EXERCISE DATA:
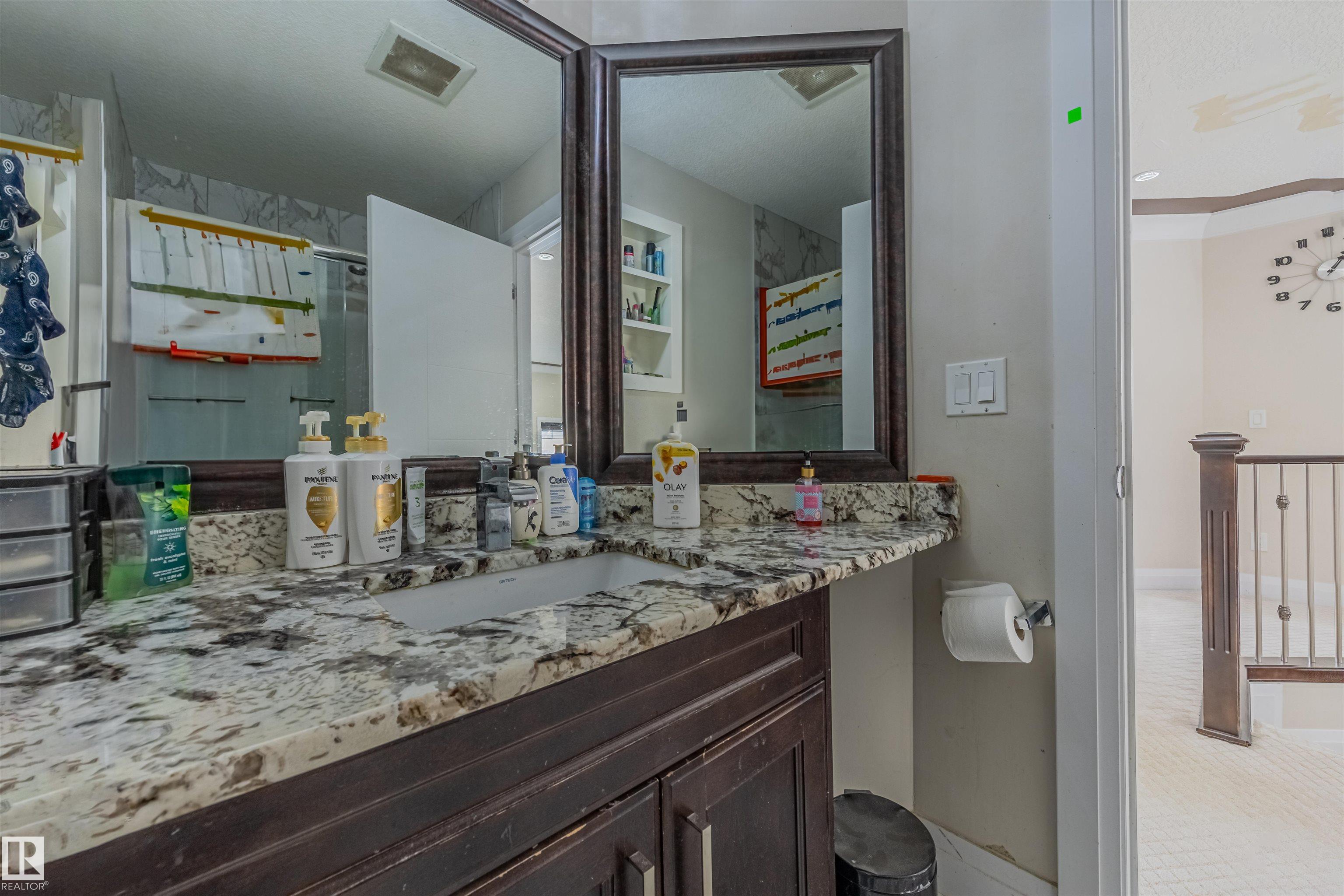 Custom-built Mcconachie treasure 5 bed, 4 full bath, 2546 sqft home designed for functionality! Step into a grand foyer w/ soaring double-height windows & an open-to-below design. Throughout, find beautiful millwork, including coffered ceilings, custom wall detailing, built-in cabinetry & panelled accents. The main floor boasts a dining room, two living areas—one w/ a NG fireplace—flowing into a chef’s kitchen w/ espresso cabinetry, glass inserts, granite countertops & large island. Patio doors open to a spacious deck & fenced yard. A main-floor bedroom w/ custom wall detailing & full 4-piece bath is perfect for guests or multi-generational living. Upstairs is a dream for large families, featuring versatile loft/bonus area & 4 spacious bedrooms all w/ walk-in closets. Primary suite impresses w/ dual walk-in closets & 5-piece ensuite w/ a soaker tub, dual sinks & a walk-in shower. Second bedroom w/ its own 4-piece ensuite offers added privacy & convenience. All this + separate basement side entrance!
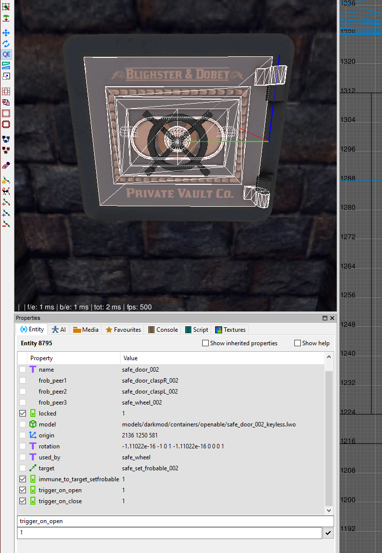| Description | - immune_to_target_setfrobable 1 - trigger_on_open 1 - trigger_on_close 1 All 4 safe prefabs using the following door models - models/darkmod/containers/openable/safe_door_001keyless.lwo - models/darkmod/containers/openable/safe_door_001.lwo - models/darkmod/containers/openable/safe_door_002keyless.lwo - models/darkmod/containers/openable/safe_door_002.lwo | ||||
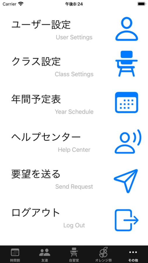 このアプリケーションは、以下の項目により学校生活をより便利にすることができます。以下の項目が主要な機能です。
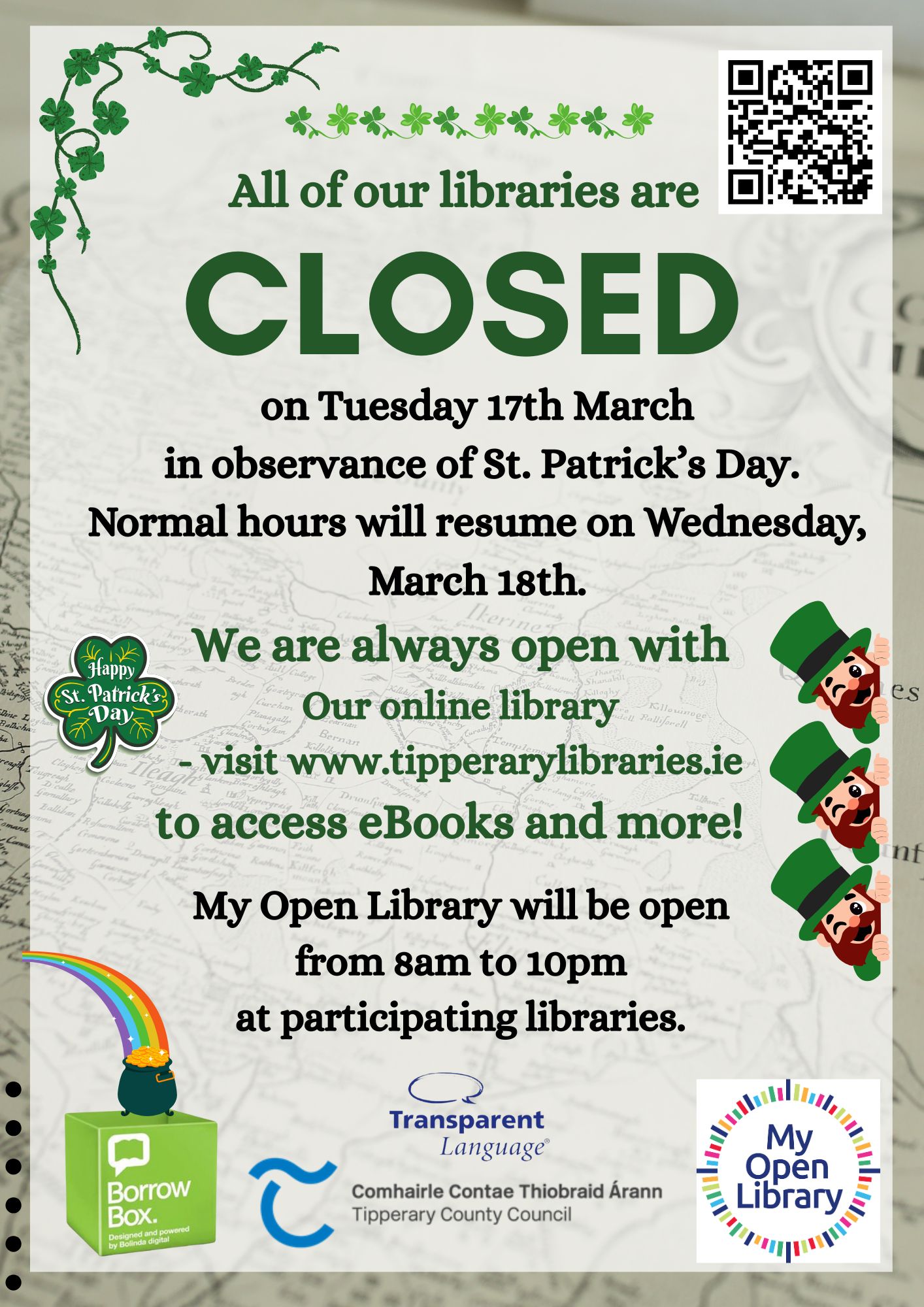 In celebration of St. Patrick’s Day, all library branches will be closed on Tuesday, March 17th (17/3/2026). Normal operations and scheduled hours will resume across all locations on Wednesday, March 18th (18/3/2026).

WHAT TO WORK ON: Restate word for word the lines from the one with "このアプリケーションは、以下" to the end of the material, both included. Do not include the pictures.

ANSWER TO THIS TASK:
 このアプリケーションは、以下の項目により学校生活をより便利にすることができます。以下の項目が主要な機能です。
 In celebration of St. Patrick’s Day, all library branches will be closed on Tuesday, March 17th (17/3/2026). Normal operations and scheduled hours will resume across all locations on Wednesday, March 18th (18/3/2026).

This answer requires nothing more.